─── Given data

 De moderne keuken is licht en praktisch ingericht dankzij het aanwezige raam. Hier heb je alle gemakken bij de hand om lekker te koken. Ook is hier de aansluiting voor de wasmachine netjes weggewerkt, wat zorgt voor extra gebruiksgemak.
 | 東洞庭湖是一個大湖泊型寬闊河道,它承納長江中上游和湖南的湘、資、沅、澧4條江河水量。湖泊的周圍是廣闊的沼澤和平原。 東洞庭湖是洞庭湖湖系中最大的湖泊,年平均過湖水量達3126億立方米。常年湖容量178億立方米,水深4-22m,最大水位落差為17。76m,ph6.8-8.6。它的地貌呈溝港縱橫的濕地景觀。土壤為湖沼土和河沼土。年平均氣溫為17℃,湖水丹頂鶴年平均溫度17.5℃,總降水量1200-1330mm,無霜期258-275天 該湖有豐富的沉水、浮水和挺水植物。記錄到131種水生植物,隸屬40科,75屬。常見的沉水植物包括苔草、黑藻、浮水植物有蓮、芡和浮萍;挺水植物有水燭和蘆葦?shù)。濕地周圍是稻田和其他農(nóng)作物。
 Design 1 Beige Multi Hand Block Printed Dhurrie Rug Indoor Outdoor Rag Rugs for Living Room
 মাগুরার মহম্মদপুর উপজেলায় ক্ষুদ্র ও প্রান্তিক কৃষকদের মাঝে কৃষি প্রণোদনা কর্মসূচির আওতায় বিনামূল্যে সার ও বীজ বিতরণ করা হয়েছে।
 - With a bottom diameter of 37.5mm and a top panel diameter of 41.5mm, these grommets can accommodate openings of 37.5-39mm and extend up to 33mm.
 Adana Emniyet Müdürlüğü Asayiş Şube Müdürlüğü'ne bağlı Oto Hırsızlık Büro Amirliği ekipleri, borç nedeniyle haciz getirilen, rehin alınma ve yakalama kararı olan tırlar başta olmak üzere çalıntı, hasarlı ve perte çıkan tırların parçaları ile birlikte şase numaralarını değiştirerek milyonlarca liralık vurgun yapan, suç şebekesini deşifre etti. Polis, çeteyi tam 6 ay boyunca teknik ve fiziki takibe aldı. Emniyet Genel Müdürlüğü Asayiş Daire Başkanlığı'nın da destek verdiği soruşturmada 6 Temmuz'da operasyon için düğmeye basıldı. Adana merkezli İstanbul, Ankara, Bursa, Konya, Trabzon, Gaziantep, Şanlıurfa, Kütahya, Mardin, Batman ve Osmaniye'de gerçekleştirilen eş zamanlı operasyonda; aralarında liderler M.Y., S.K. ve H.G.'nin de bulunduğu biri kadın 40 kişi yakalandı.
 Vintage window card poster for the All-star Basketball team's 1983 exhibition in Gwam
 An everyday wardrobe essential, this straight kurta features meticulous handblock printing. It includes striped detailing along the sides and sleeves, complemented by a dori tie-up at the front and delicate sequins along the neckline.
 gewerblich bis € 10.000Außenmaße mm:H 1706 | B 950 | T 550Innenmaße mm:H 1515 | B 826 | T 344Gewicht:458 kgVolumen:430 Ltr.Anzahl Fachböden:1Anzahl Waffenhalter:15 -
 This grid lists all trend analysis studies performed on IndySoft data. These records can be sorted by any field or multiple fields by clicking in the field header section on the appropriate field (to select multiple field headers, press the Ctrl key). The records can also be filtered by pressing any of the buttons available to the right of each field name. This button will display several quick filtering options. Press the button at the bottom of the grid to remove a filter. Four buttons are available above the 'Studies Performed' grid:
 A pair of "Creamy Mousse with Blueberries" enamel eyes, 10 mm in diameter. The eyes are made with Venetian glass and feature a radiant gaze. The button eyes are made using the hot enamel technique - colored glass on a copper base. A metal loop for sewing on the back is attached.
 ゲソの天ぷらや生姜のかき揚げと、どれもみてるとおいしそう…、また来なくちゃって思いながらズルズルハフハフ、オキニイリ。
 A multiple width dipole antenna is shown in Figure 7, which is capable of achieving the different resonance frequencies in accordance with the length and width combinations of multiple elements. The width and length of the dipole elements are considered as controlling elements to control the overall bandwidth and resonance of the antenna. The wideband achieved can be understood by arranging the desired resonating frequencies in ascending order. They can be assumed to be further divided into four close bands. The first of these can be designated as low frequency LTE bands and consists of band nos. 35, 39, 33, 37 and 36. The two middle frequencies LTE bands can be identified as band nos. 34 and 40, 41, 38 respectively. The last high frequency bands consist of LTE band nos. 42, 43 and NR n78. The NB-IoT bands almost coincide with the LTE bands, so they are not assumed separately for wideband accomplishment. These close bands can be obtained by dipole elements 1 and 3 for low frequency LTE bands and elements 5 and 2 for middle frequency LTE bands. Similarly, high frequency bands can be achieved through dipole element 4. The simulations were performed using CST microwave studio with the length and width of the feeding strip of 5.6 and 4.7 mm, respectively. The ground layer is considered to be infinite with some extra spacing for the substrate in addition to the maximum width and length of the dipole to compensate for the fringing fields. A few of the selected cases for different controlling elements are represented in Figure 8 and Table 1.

──────

● **Assignment**
An exact repetition of the material above is required, from its first line through the line holding "- With a bottom", with nothing added.

● **Problem solution**
 De moderne keuken is licht en praktisch ingericht dankzij het aanwezige raam. Hier heb je alle gemakken bij de hand om lekker te koken. Ook is hier de aansluiting voor de wasmachine netjes weggewerkt, wat zorgt voor extra gebruiksgemak.
 | 東洞庭湖是一個大湖泊型寬闊河道,它承納長江中上游和湖南的湘、資、沅、澧4條江河水量。湖泊的周圍是廣闊的沼澤和平原。 東洞庭湖是洞庭湖湖系中最大的湖泊,年平均過湖水量達3126億立方米。常年湖容量178億立方米,水深4-22m,最大水位落差為17。76m,ph6.8-8.6。它的地貌呈溝港縱橫的濕地景觀。土壤為湖沼土和河沼土。年平均氣溫為17℃,湖水丹頂鶴年平均溫度17.5℃,總降水量1200-1330mm,無霜期258-275天 該湖有豐富的沉水、浮水和挺水植物。記錄到131種水生植物,隸屬40科,75屬。常見的沉水植物包括苔草、黑藻、浮水植物有蓮、芡和浮萍;挺水植物有水燭和蘆葦?shù)。濕地周圍是稻田和其他農(nóng)作物。
 Design 1 Beige Multi Hand Block Printed Dhurrie Rug Indoor Outdoor Rag Rugs for Living Room
 মাগুরার মহম্মদপুর উপজেলায় ক্ষুদ্র ও প্রান্তিক কৃষকদের মাঝে কৃষি প্রণোদনা কর্মসূচির আওতায় বিনামূল্যে সার ও বীজ বিতরণ করা হয়েছে।
 - With a bottom diameter of 37.5mm and a top panel diameter of 41.5mm, these grommets can accommodate openings of 37.5-39mm and extend up to 33mm.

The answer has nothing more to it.